Mengapa terjadi Perang Puputan di Bali?
Pada abad ke-19 di Bali sudah berkembang kerajaan-kerajaan yang berdaulat. Misalnya Kerajaan Buleleng, Karangasem, Klungkung, Gianyar,
Badung, Jembrana, Tabanan, Menguri dan Bangli. Pada masa pemerintahan Gubernur Jenderal Daendels mulai terjadi kontak dengan kerajaan-kerajaan
di Bali, tidak sekedar urusan dagang tetapi menyangkut sewa menyewa orang-orang Bali untuk dijadikan tentara pemerintah Hindia BeIanda. Tetapi
dalam perkembangannya pemerintah Hindia Belanda ingin menanamkan pengaruh dan berkuasa di Bali. Untuk itu, Belanda mengirim dua utusan
dengan misi masing-masing.
Pertama, G.A. Granpre Moliere untuk misi ekonomi,
kedua, Huskus Koopman mengemban misi politik. Misi ekonomi berjalan lancar. Tetapi misi politik menghadapi berbagai kendala.
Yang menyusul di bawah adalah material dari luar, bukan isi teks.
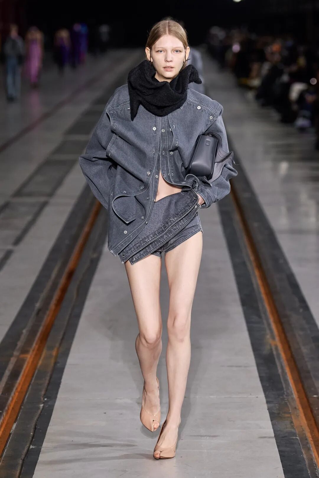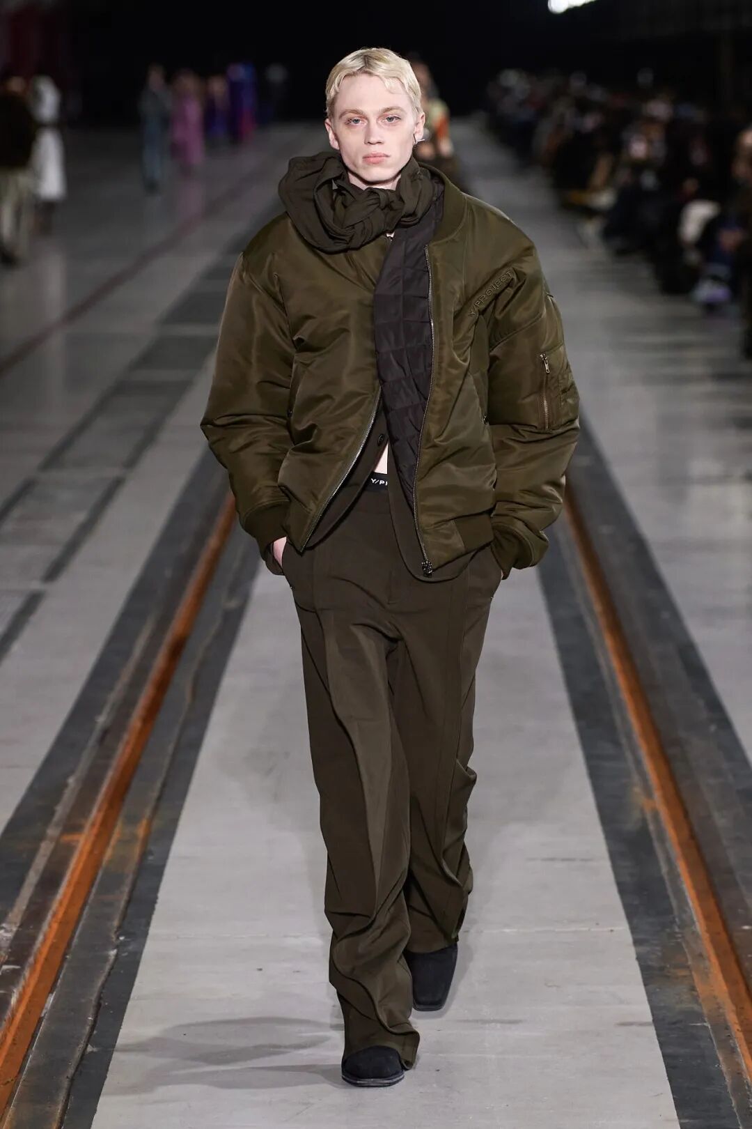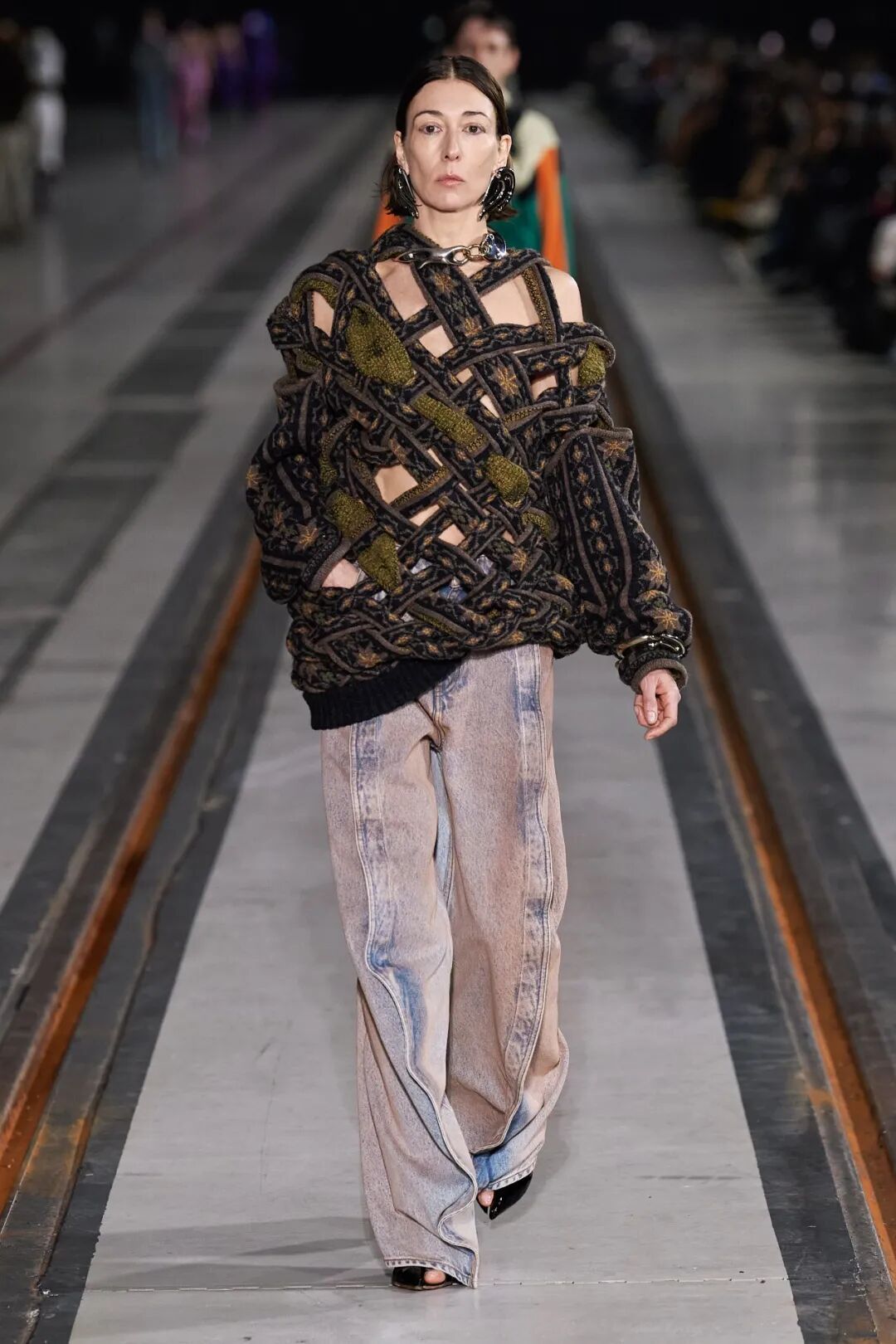 Glenn Martens 作为拿手好戏的解构主义、错位剪裁、万物皆可褶皱已在往季的 Y/Project 中尽数体现。在本季的秀场造型中,也对过去十年的那些招牌设计进行了回顾,无论是牛仔衣、运动服、皮衣还是羊毛大衣,随处可见的解构与褶皱,立体感强烈,风格也依旧夸张前卫。

Huskus
Koopman terus berusaha mendekati raja-raja di Bali agar bersedia mengakui keberadaan dan kekuasaan Belanda. Akhirnya dicapai perjanjian atau
kontrak politik antara raja-raja di Bali dengan Belanda. Misalnya, dengan Raja Badung 28 November 1842, dengan Raja Karangasem 1 Mei 1843,
dengan Raja Buleleng 8 Mei 1843, dengan Raja Klungkung 24 Mei 1843 dan Tabanan 22 Juni 1843. Perjanjian kontrak antara raja-raja di Bali
dengan Belanda itu terutama seputar Hukum Tawan Karang agar dihapuskan.
Karena kelihaian atau bujukan Belanda, raja-raja di Bali dapat menerima perjanjian untuk meratifikasi penghapusan Hukum Tawan Karang. Tetapi
sampai tahun 1844 Raja Buleleng dan Karangasem belum melaksanakan perjajian tersebut. Terbukti pada tahun 1844 itu penduduk melakukan
perampasan atas isi dua kapal Belanda yang terdampar di Pantai Sangsit Buleleng dan Jembrana waktu itu juga daerahnya Buleleng. Belanda
protes keras terhadap kejadian ini. Belanda memaksa Raja Buleleng, Gusti Ngurah Made Karangasem agar melaksanakan isi perjanjian yang telah
disepakati. Belanda juga menuntut agar Buleleng membayar ganti rugi atas kapal Belanda yang dirampas penduduk. Raja Gusti Ngurah Made
Karangasem yang mendapat dukungan patihnya, I Gusti Ktut Jelantik, dengan tegas menolak tuntutan Belanda tersebut. Bahkan I Gusti Ktut
Jelantik sudah melakukan latihan dan menghimpun kekuatan untuk melawan kesewenang-wenangan Belanda. Dengan demikian perang tidak dapat
dihindarkan.
Patih Ktut Jelantik terus mempersiapkan prajurit Buleleng dan memperkuat pos-pos pertahanan. Dalam pertempuran ini Raja Buleleng juga mendapat
dukungan dari Kerajaan Karangasem dan Klungkung. Sementara, pada tanggal 27 Juni 1846 telah datang pasukan Belanda berkekuatan 1.700 orang
pasukan darat yang langsung menyerbu kampung-kampung di tepi pantai. Di samping itu, masih ada pasukan laut yang datang dengan kapal-kapal
sewaan. Pertempuran sengit terjadi antara para pejuang dari Buleleng, dibantu oleh para pejuang Karangasem, dan Klungkung melawan Belanda.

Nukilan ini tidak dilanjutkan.